=== Task to complete ===
Everything in the listing should be copied exactly, save for the pictures.

=== Recorded data ===

* * * * * * *

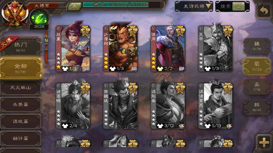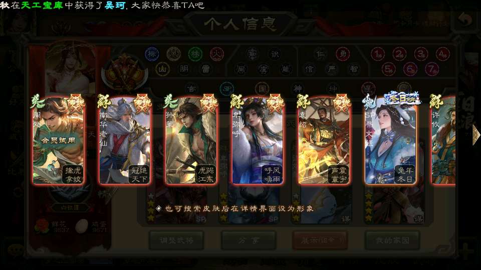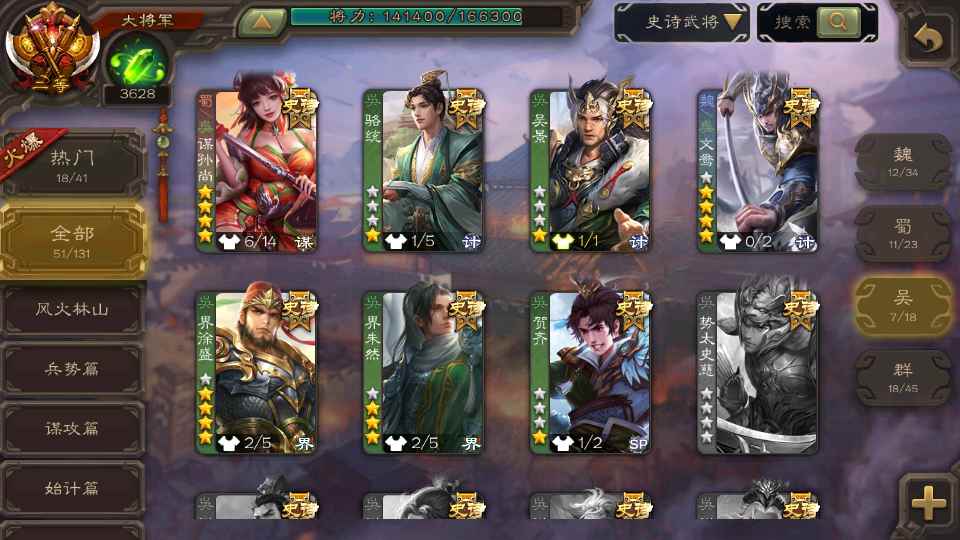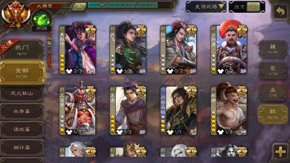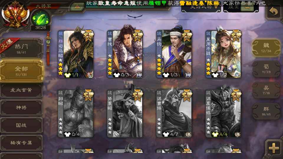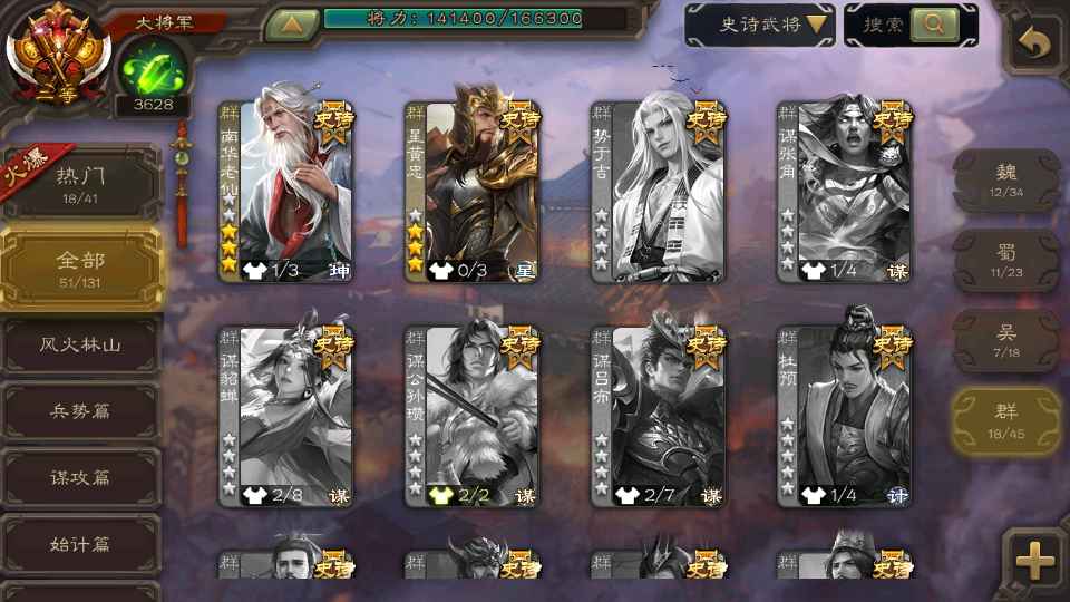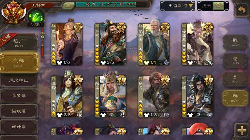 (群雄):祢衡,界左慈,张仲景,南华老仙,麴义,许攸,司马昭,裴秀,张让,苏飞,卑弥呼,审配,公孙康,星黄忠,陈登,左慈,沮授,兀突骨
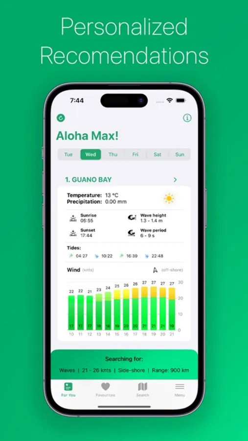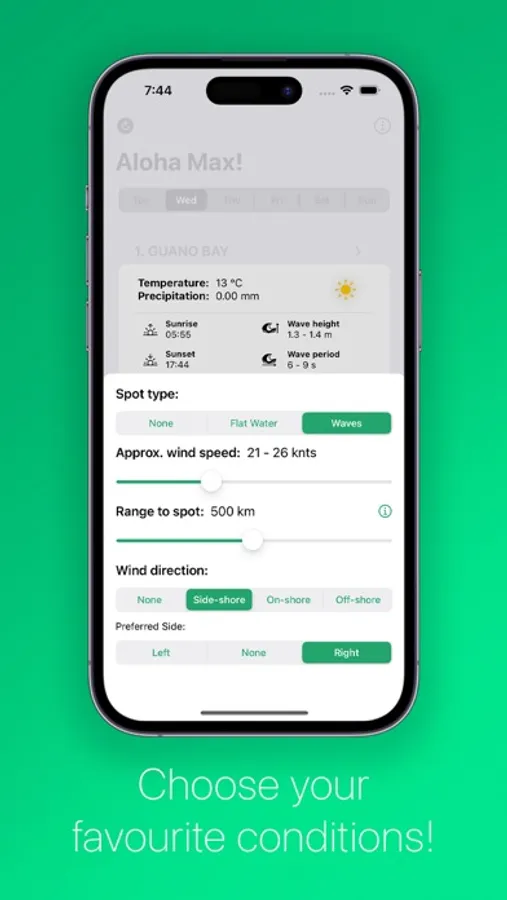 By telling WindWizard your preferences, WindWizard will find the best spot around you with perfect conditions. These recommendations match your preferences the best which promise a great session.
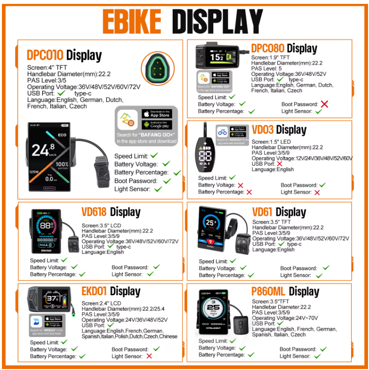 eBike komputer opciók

* * * * * * *

=== Written solution ===
 (群雄):祢衡,界左慈,张仲景,南华老仙,麴义,许攸,司马昭,裴秀,张让,苏飞,卑弥呼,审配,公孙康,星黄忠,陈登,左慈,沮授,兀突骨
 By telling WindWizard your preferences, WindWizard will find the best spot around you with perfect conditions. These recommendations match your preferences the best which promise a great session.
 eBike komputer opciók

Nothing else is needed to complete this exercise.